== Segment start ==

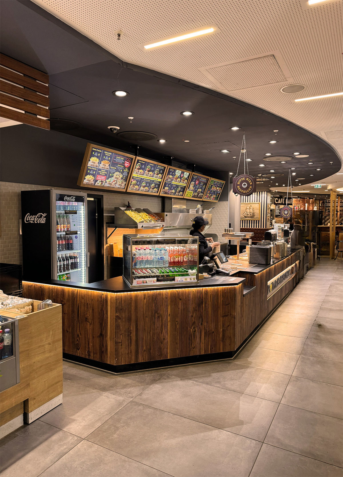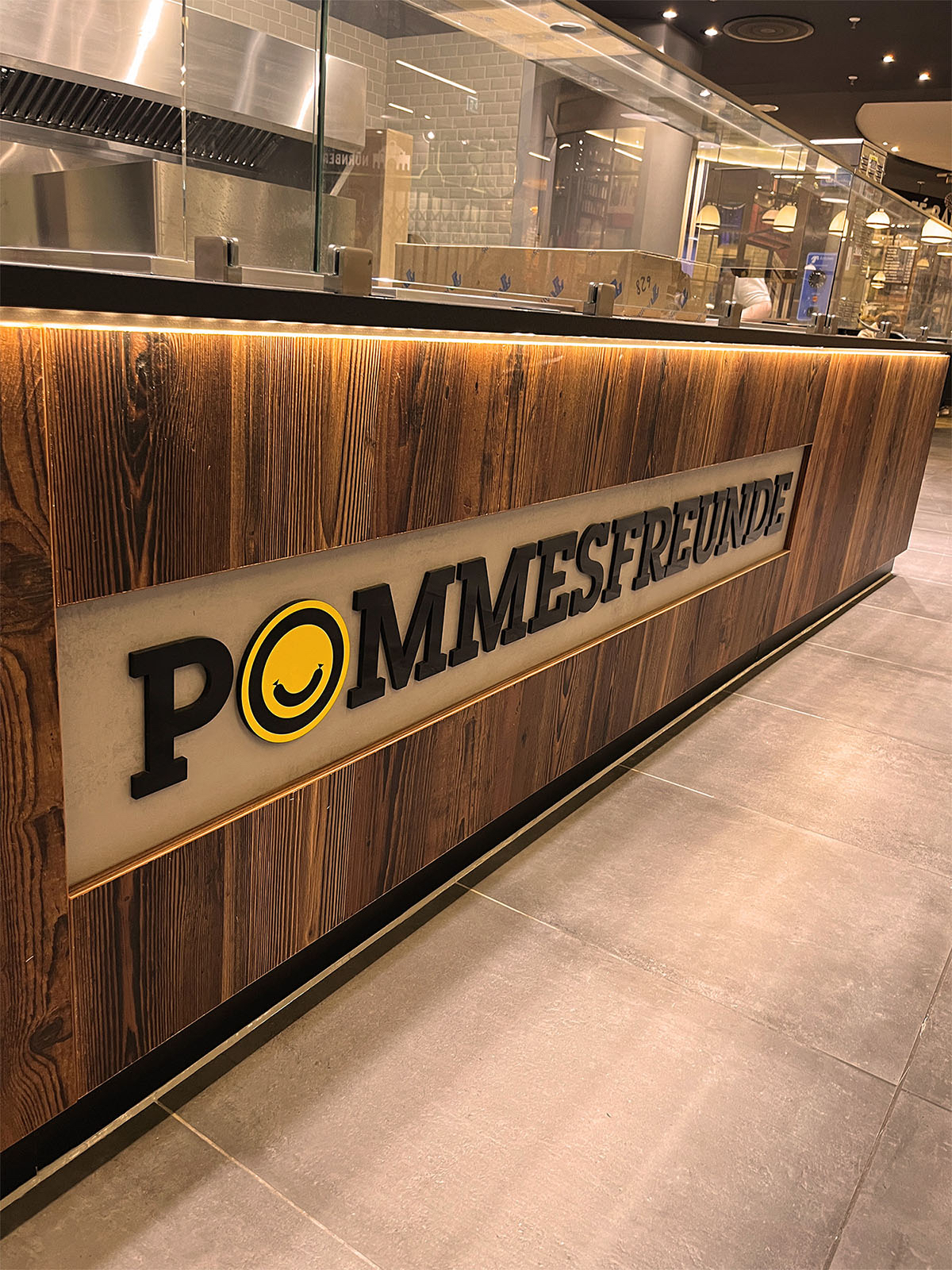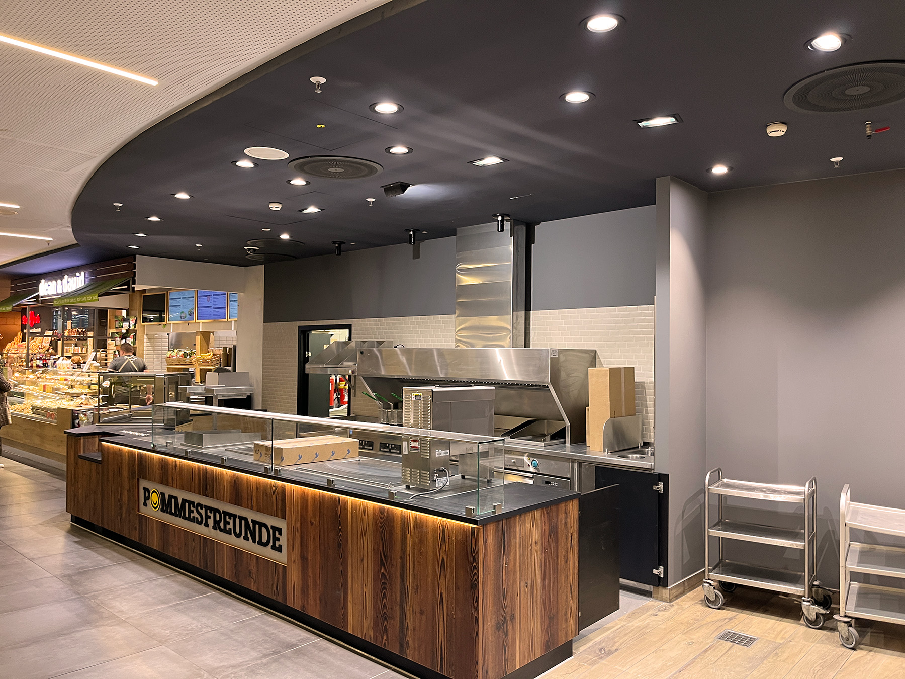 Dans le cadre animé de la gare centrale de Nuremberg, nous avons eu l’occasion, en 2023, de repenser entièrement le point de vente Pommesfreunde. Dans ce lieu où se croisent chaque jour voyageurs, navetteurs et visiteurs, un espace de restauration moderne et hautement fonctionnel a été créé en l’espace de quelques semaines seulement, répondant aux normes les plus élevées tant en matière de design que de réalisation technique.
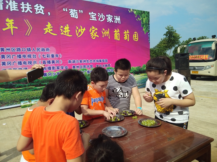放暑假了怎么过?宅在家还是去旅游?7月14日上午,为助力精准扶贫,丰富少年儿童暑期文化生活,路口镇人民政府联合黄州区图书馆、黄冈市摄影家学会、黄冈少年作家班等单位走进路口镇南湖沙家洲生态葡萄园,开展了一场别开生面的“萄”宝活动,并通过直播黄冈平台全程直播。黄州区文体新局党组书记局长杨平安百忙之中出席此次活动。
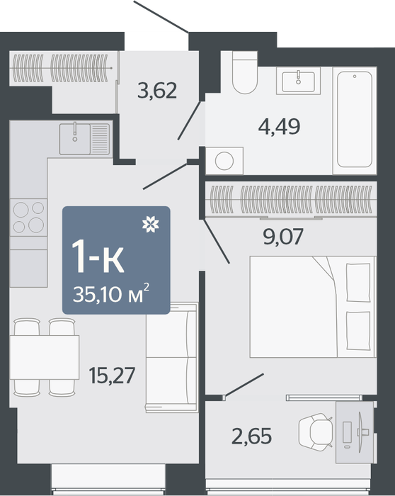 г. Березовский, ул. микрорайон Зори, 1 (городской округ Березовский) - фото квартиры 28 января 2025 90 дн. 1 35.86 7/8 4 620 975
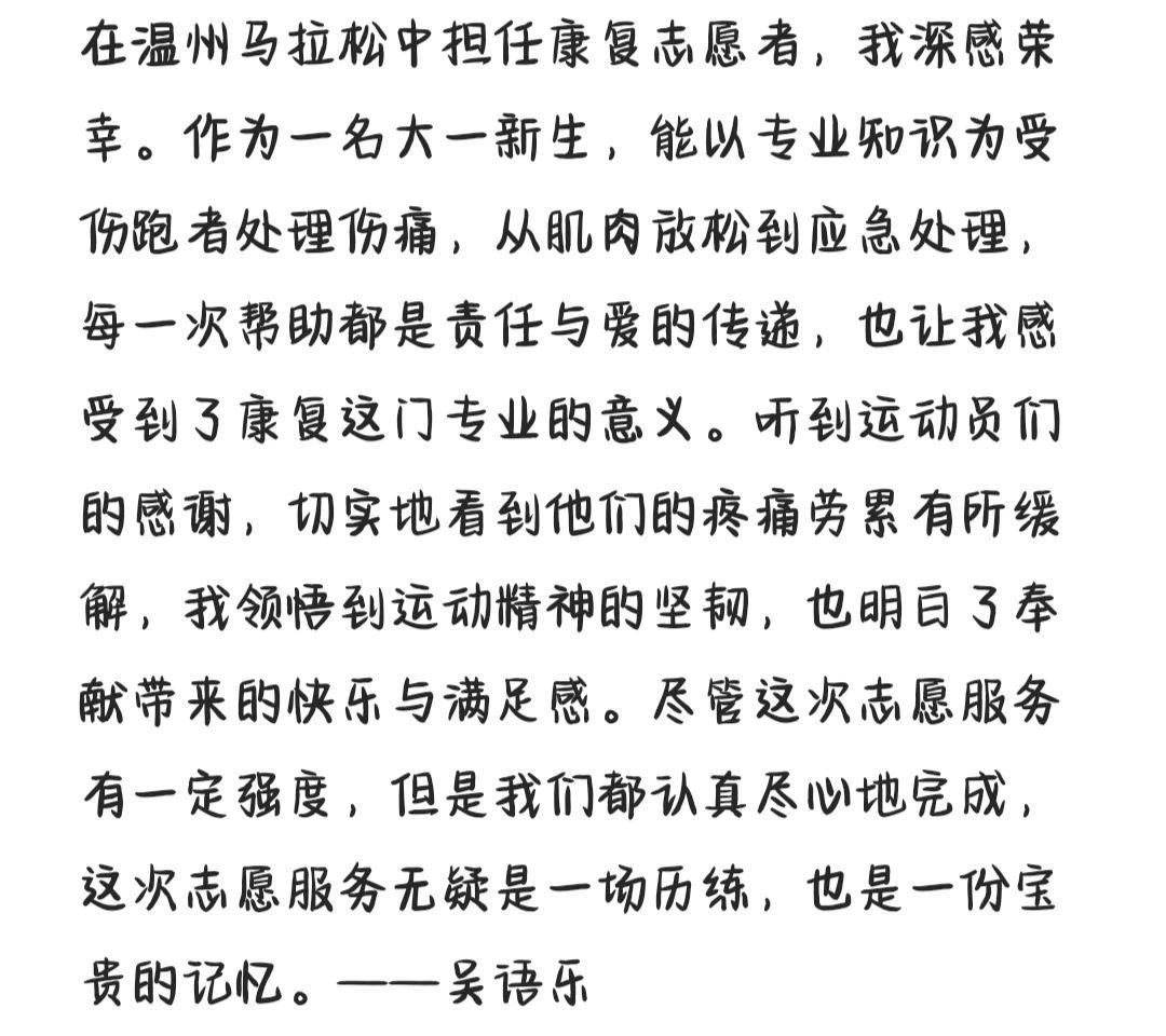温州马拉松落下帷幕,但“康复之光”的故事仍在继续。志愿者们用双手传递温暖,诠释“奉献、友爱、互助、进步”的志愿精神,恰似微光,汇聚成照亮城市的星河。未来,期待更多学子投身公益,续写青春赞歌,让爱心与担当一路奔腾不息。
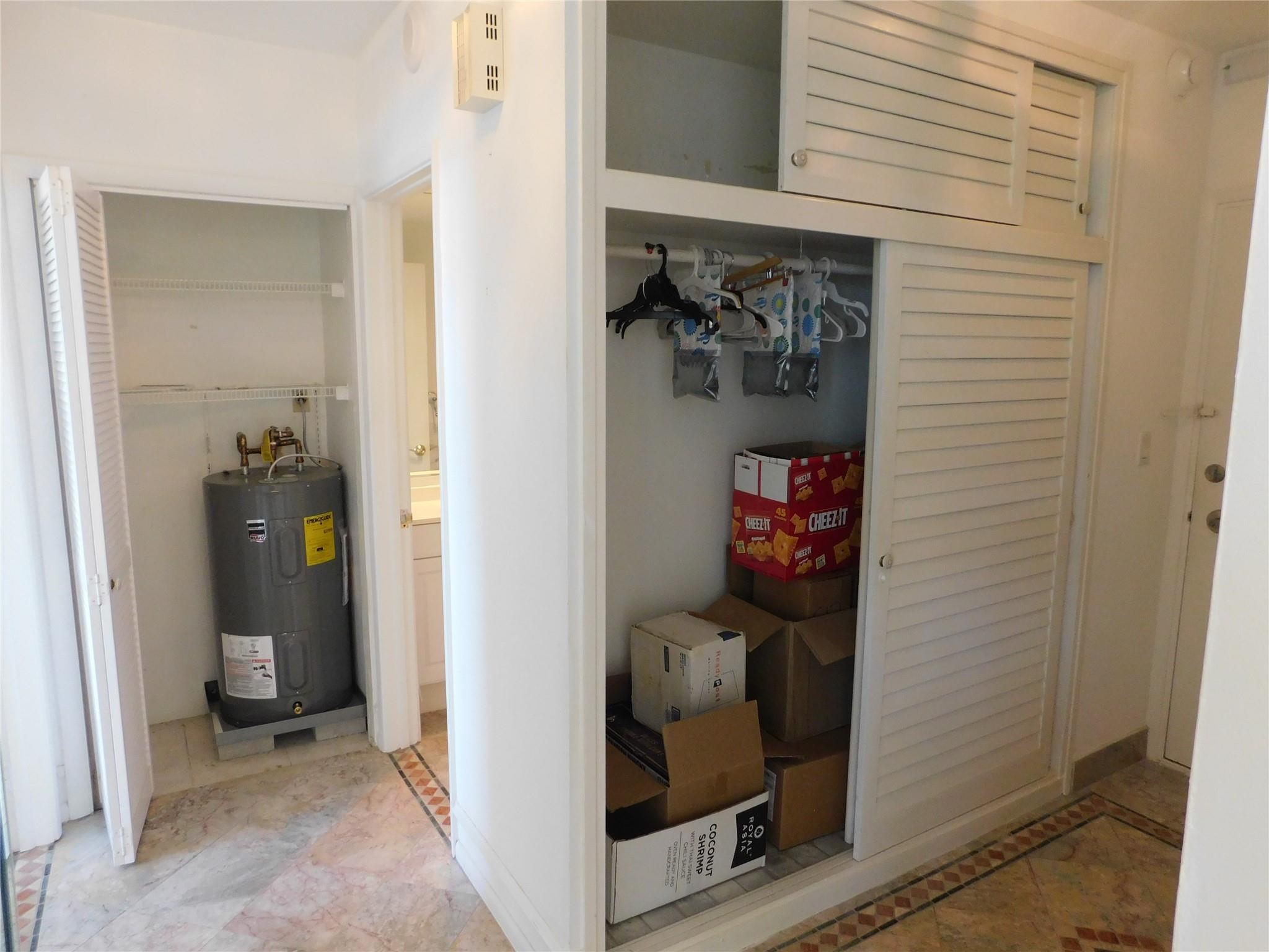 Marble floors throughout. A 10-minute walk to the public beach at Earl Lifshey Ocean Park. The combo of easy walking to a beach (that also has paid parking and two free handicap parking spots) and of a peaceful pool on the intracoastal, contributes a lot to a great lifestyle. Downstairs, the 60 ft by 30 ft pool on the intracoastal is heated at 88F=31C for about 6 months; during Summer it's probably colder than 88F, but it's still slightly heated - water doesn't feel cold in any season. Nice gym and library rooms. The meeting/activities/card room was just remodeled. Shuffleboard game.
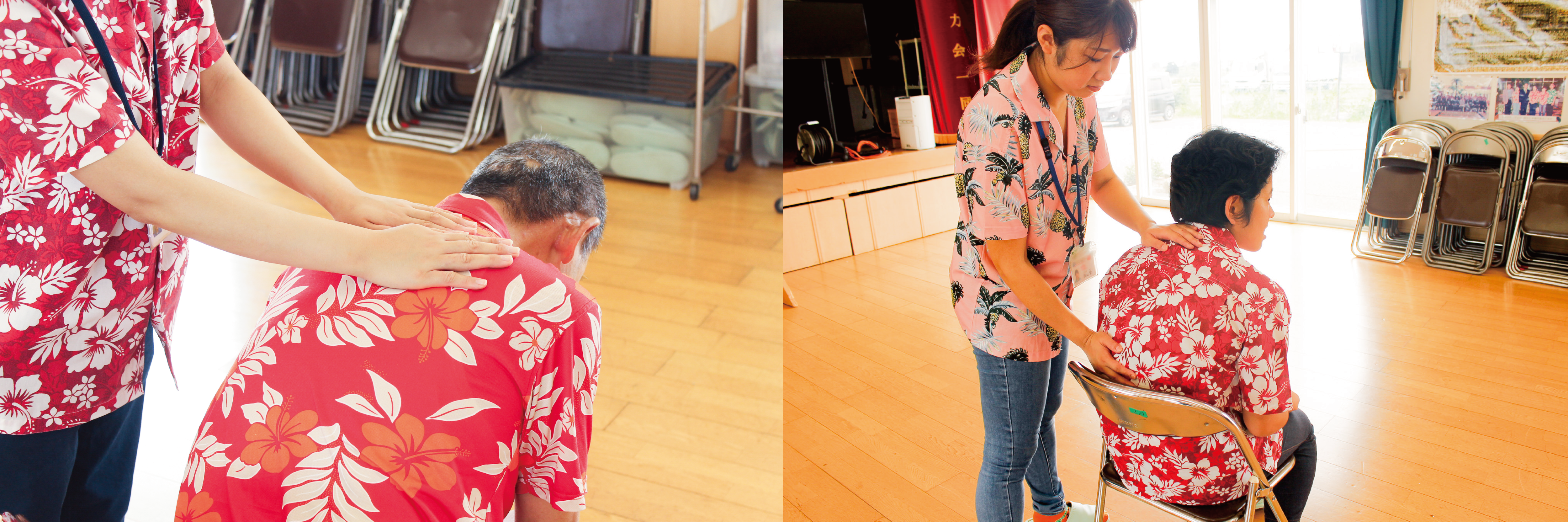 そのふれあいの中で、今日は機嫌が悪い、手足が冷たい、体が強張っている等、心や体の変化にも気づきやすくなりました。また、利用者さんの背中をさすりながら、普段うるさく言う立場になっている自分を反省する時間にもなりました。
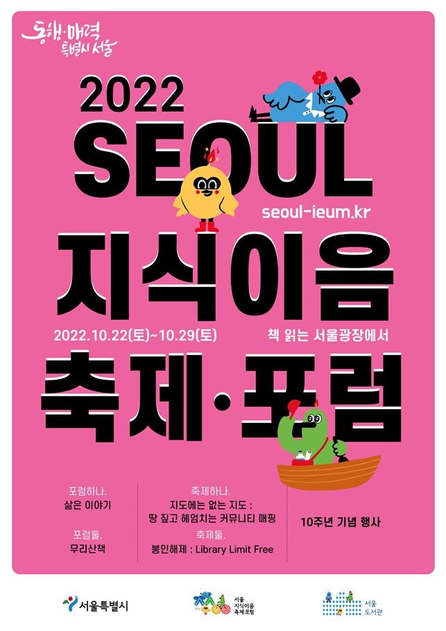 [세계로컬타임즈 이효진 기자] 서울시는 22일부터 29일까지 서울도서관과 서울광장, 축제 공식 누리집을 통해 온·오프라인으로 ‘2022 서울지식이음축제·포럼’을 진행한다.
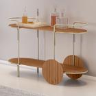 Carrinho Bar Órbita em Madeira Maciça Imbuia Mel Estrutura em Metal Champagne
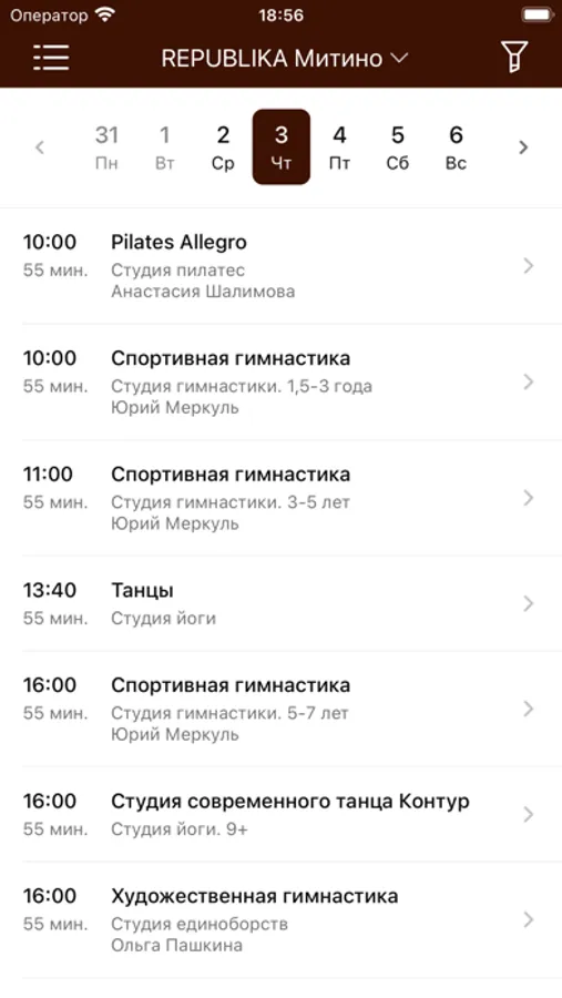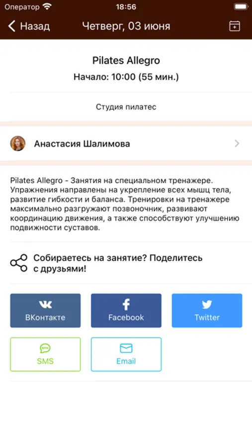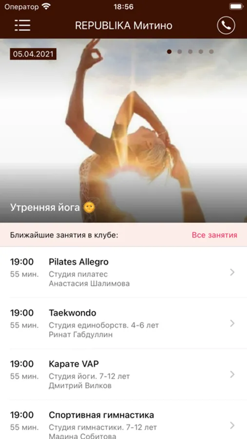 - Получать информацию об отмене занятий, замене тренеров и др.
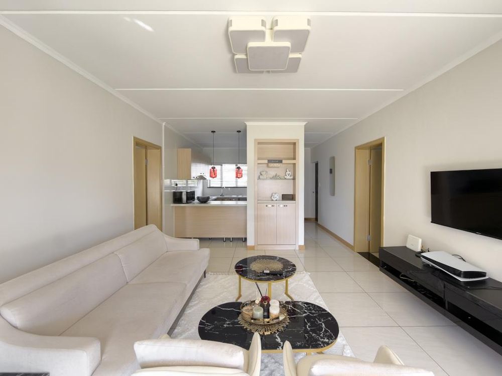 The modern kitchen features elegant Caesarstone countertops, porcelain tiles, and space for under-counter appliances, offering both style and functionality.

== Segment end ==

About this task: Here the job is to print all the entries above exactly, minus the images.

Result of the task:
 Dans le cadre animé de la gare centrale de Nuremberg, nous avons eu l’occasion, en 2023, de repenser entièrement le point de vente Pommesfreunde. Dans ce lieu où se croisent chaque jour voyageurs, navetteurs et visiteurs, un espace de restauration moderne et hautement fonctionnel a été créé en l’espace de quelques semaines seulement, répondant aux normes les plus élevées tant en matière de design que de réalisation technique.
放暑假了怎么过?宅在家还是去旅游?7月14日上午,为助力精准扶贫,丰富少年儿童暑期文化生活,路口镇人民政府联合黄州区图书馆、黄冈市摄影家学会、黄冈少年作家班等单位走进路口镇南湖沙家洲生态葡萄园,开展了一场别开生面的“萄”宝活动,并通过直播黄冈平台全程直播。黄州区文体新局党组书记局长杨平安百忙之中出席此次活动。
 г. Березовский, ул. микрорайон Зори, 1 (городской округ Березовский) - фото квартиры 28 января 2025 90 дн. 1 35.86 7/8 4 620 975
温州马拉松落下帷幕,但“康复之光”的故事仍在继续。志愿者们用双手传递温暖,诠释“奉献、友爱、互助、进步”的志愿精神,恰似微光,汇聚成照亮城市的星河。未来,期待更多学子投身公益,续写青春赞歌,让爱心与担当一路奔腾不息。
 Marble floors throughout. A 10-minute walk to the public beach at Earl Lifshey Ocean Park. The combo of easy walking to a beach (that also has paid parking and two free handicap parking spots) and of a peaceful pool on the intracoastal, contributes a lot to a great lifestyle. Downstairs, the 60 ft by 30 ft pool on the intracoastal is heated at 88F=31C for about 6 months; during Summer it's probably colder than 88F, but it's still slightly heated - water doesn't feel cold in any season. Nice gym and library rooms. The meeting/activities/card room was just remodeled. Shuffleboard game.
 そのふれあいの中で、今日は機嫌が悪い、手足が冷たい、体が強張っている等、心や体の変化にも気づきやすくなりました。また、利用者さんの背中をさすりながら、普段うるさく言う立場になっている自分を反省する時間にもなりました。
 [세계로컬타임즈 이효진 기자] 서울시는 22일부터 29일까지 서울도서관과 서울광장, 축제 공식 누리집을 통해 온·오프라인으로 ‘2022 서울지식이음축제·포럼’을 진행한다.
 Carrinho Bar Órbita em Madeira Maciça Imbuia Mel Estrutura em Metal Champagne
 - Получать информацию об отмене занятий, замене тренеров и др.
 The modern kitchen features elegant Caesarstone countertops, porcelain tiles, and space for under-counter appliances, offering both style and functionality.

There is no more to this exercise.